Work request -> What is needed is an exact copy of the data below, pictures excluded.

Recorded information ->
#####

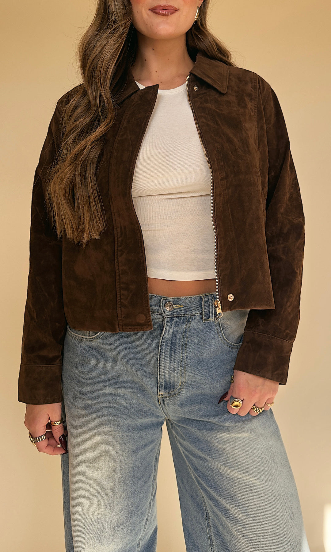 Suede sets are the reason we can't WAIT for fall! You need this camel color cropped jacket with this iconic suede material!
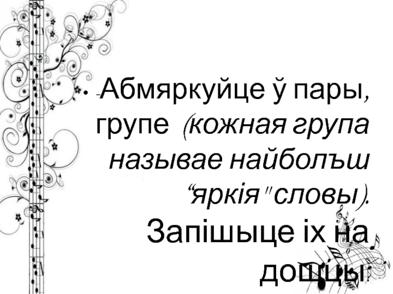 Слайд 6- Абмяркуйце ў пары, групе (кожная група называе найболъш “яркія" словы). Запішыце
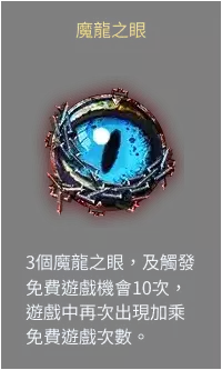 根據上一段的故事情節,在遊戲內也以魔龍之眼、魔法書、銀幣、魔法藥水等奇幻風格之物品為主要道具,並以3×5的老虎機轉軸進行遊戲,玩家必須透過不停的運作轉軸操控冰龍和火龍來試著取得龍之心以解救人類並贏得彩金!

#####

Task solution ->
 Suede sets are the reason we can't WAIT for fall! You need this camel color cropped jacket with this iconic suede material!
 Слайд 6- Абмяркуйце ў пары, групе (кожная група называе найболъш “яркія" словы). Запішыце
 根據上一段的故事情節,在遊戲內也以魔龍之眼、魔法書、銀幣、魔法藥水等奇幻風格之物品為主要道具,並以3×5的老虎機轉軸進行遊戲,玩家必須透過不停的運作轉軸操控冰龍和火龍來試著取得龍之心以解救人類並贏得彩金!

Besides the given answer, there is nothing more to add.